This technique makes ticking things off a list feel 10x times better!

Some people are ‘list’ people.

I am most definitely a ‘list’ person.

I make ‘to-do’ lists for pretty much everything in my life – often the night before a busy day, I’ll just be drifting off to sleep and suddenly jolt awake with something I need to remember for the next day – up I get and scrawl a list on a nearby notepad or scrap of paper. Only then can I sleep soundly.

Lists are a pretty simple technique for visualising what you need to do – they can be as complicated (apps on phones with due dates, reminders, notes etc.) or as simple as you like (scrawling on scrap paper at 1am). I usually do a bit of both. The things that I’m listing are also mixed in complexity – some are tasks for work, some are shopping lists. These are the kind of lists that get ticked off pretty quickly as someone (my boss), or something (my dinner) relies on them. But I have also tried to compile other sorts of lists, ones very subject to change – change in my life, or changing my mind. These are the ‘furthering oneself’ kind of lists, the ‘what I want to achieve in the next 6 months’ lists, the ‘how to get my music off the ground’ lists.

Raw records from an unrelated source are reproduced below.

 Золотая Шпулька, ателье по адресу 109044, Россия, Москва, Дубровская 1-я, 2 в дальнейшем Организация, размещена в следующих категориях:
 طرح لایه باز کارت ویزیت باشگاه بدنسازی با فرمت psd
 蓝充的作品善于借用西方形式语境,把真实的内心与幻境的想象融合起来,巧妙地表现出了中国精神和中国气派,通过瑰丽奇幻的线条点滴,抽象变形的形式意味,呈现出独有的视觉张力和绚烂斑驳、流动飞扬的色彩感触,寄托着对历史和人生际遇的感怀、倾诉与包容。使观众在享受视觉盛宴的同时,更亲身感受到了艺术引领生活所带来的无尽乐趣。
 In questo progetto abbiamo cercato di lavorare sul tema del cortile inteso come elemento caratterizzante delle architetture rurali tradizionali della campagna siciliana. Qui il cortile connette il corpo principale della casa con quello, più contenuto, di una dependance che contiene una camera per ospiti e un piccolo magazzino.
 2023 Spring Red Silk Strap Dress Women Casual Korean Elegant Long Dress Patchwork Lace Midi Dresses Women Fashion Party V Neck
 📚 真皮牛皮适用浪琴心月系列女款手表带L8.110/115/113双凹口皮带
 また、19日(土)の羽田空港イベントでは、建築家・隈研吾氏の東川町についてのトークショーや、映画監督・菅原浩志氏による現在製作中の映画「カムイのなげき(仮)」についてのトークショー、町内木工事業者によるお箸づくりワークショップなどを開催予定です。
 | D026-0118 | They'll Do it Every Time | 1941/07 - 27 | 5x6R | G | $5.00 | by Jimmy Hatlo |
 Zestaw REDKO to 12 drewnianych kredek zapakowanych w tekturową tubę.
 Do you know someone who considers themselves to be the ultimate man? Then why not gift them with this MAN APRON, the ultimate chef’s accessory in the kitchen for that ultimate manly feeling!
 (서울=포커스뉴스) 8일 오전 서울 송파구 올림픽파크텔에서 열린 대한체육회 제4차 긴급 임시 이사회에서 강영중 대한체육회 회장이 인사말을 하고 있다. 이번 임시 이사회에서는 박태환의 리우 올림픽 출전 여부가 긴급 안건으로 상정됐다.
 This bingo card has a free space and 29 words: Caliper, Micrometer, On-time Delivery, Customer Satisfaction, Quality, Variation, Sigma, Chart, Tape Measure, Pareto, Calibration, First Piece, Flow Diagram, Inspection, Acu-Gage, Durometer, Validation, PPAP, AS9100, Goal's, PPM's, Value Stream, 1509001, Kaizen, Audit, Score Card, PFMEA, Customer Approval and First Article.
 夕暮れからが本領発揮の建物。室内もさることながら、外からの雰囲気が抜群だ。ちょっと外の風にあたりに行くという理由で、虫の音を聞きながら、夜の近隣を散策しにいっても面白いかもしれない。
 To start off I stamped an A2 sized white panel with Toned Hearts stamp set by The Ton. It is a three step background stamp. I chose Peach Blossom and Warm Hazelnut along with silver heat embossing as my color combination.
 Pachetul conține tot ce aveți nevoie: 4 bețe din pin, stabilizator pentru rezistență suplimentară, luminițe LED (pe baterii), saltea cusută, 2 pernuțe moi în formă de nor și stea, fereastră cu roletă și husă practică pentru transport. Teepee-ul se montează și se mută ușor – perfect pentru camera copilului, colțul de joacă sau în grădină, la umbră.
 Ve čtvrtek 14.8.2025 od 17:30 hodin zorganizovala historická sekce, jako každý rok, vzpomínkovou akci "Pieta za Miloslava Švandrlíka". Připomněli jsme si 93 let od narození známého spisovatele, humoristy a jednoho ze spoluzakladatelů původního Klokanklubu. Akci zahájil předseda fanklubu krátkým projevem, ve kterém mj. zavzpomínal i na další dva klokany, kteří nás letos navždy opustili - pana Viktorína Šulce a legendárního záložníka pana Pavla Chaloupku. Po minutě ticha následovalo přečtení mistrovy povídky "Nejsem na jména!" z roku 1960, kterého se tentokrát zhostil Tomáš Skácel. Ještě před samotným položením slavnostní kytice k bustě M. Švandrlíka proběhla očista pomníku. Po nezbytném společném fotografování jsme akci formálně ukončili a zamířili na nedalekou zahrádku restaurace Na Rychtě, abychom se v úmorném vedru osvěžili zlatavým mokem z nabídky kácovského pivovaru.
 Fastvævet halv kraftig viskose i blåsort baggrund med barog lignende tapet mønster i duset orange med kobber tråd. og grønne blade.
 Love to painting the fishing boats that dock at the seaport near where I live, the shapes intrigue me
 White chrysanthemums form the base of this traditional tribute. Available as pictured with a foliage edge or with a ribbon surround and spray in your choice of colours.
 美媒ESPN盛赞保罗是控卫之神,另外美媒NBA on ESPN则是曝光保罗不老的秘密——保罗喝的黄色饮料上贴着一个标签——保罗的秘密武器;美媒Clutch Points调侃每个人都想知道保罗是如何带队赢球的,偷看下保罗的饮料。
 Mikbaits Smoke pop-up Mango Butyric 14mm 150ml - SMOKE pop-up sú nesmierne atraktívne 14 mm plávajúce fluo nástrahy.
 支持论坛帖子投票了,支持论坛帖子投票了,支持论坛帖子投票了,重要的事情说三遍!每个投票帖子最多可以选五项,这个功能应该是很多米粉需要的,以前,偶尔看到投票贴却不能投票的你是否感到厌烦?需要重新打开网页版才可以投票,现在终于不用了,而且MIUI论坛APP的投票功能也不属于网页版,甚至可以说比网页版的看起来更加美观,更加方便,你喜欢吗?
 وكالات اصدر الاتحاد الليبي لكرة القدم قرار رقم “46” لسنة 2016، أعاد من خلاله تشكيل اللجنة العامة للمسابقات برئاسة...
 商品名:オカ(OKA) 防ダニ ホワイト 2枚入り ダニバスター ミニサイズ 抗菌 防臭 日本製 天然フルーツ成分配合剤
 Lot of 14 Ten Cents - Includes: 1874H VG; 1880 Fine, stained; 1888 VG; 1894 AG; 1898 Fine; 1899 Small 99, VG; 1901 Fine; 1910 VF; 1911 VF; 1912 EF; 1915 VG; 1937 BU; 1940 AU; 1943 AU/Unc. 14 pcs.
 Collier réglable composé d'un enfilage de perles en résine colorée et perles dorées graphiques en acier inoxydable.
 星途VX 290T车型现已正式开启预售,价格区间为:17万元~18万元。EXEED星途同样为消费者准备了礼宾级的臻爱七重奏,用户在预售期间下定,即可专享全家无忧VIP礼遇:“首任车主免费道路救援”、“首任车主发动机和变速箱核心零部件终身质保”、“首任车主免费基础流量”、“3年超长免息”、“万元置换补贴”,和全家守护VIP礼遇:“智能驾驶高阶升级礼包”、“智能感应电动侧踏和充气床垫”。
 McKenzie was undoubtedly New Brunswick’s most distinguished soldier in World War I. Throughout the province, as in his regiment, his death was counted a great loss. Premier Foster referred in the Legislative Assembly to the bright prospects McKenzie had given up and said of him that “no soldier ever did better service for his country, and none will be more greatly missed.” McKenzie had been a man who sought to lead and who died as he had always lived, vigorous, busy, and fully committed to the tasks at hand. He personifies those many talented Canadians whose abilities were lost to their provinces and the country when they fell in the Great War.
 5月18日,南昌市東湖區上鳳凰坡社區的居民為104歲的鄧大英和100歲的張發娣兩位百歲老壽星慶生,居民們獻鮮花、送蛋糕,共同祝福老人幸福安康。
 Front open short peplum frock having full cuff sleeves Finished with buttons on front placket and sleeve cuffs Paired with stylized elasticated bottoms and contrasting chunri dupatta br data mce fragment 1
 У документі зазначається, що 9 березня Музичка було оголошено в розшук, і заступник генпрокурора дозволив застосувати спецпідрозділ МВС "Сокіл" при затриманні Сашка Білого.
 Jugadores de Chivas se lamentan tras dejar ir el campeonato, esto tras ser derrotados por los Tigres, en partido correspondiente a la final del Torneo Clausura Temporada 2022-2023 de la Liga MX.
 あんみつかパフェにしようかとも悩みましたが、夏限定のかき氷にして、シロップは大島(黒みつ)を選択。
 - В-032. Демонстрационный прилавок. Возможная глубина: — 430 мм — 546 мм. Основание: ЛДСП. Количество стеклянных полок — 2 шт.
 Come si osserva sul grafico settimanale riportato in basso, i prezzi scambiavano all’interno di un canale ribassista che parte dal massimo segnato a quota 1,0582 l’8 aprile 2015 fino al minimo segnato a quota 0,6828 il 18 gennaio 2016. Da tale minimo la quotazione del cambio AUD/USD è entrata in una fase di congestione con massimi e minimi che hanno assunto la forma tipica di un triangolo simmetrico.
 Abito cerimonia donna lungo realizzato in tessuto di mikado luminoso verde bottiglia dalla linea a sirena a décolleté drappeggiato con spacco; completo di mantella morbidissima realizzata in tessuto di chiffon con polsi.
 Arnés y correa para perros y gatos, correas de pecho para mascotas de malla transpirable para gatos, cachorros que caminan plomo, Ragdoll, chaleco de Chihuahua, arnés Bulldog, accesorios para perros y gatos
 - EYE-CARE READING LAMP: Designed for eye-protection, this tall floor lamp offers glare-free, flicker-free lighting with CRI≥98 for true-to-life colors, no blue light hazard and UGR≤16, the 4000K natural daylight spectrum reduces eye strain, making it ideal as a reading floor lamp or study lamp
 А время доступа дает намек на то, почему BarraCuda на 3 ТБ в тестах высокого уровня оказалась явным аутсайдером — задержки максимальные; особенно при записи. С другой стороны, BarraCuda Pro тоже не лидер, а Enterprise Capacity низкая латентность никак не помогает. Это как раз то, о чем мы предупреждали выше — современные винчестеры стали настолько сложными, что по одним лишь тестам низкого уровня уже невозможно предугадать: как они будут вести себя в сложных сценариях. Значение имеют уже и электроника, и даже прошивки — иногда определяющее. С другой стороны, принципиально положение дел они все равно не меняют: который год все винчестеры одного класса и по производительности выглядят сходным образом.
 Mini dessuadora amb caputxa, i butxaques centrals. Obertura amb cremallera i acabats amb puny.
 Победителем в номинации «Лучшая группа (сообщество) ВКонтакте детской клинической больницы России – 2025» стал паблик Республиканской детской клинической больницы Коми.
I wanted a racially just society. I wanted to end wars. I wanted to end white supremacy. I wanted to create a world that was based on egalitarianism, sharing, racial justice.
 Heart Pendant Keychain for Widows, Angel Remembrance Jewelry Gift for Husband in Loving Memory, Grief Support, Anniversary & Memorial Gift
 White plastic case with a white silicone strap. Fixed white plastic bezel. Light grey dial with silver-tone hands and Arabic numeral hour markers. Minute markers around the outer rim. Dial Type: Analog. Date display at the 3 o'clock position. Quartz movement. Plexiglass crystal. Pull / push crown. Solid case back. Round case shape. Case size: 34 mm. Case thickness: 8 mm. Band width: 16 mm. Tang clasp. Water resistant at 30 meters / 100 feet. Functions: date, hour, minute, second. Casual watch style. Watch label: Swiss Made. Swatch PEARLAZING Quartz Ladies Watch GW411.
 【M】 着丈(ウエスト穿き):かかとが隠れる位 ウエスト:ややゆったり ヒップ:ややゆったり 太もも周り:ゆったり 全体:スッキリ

Unfortunately, because these are so subjective to change, and the tasks usually require actual life adjustments, rely on other people, or even ‘chance’ occurrences, these don’t often get ticked off.

So on a list they stay.

A list which I probably haven’t looked at since, because the tasks loom, big, important, and still un-ticked.

These lists do nothing to alleviate stress, in fact they probably cause them – it’s quite overwhelming to see everything you want to achieve in 6 months, or a year, or 5 years, written down on a  page. So I’ve come up with a new kind of list.

I’m calling it: a ‘de-stress’ list.

These are (hopefully) short lists, trying to stick to things I can realistically do in a week. And these ‘things’, will be anything which is currently causing me stress.

Surely this is just the same as a to-do list?!

Well not really, the things I put on my to-do list, like doing the washing, shopping for food, doesn’t cause me tooo much stress, as I have to do these things on a regular basis. However, needing to follow up an important email, book the dentist, or buy a shoe rack, don’t often have deadlines, so are often put off and cause general underlying stress every time you remember you haven’t done it yet.

It’s the things that niggle at you, that you suddenly think about just as you’re trying to sleep, that can go on the de-stress list. Make something on this list your priority each day of the week, get it done first thing in the morning and bask in your productive de-stressingness – ticking off these babies is WAY more satisfying than ticking off ‘buy spaghetti’.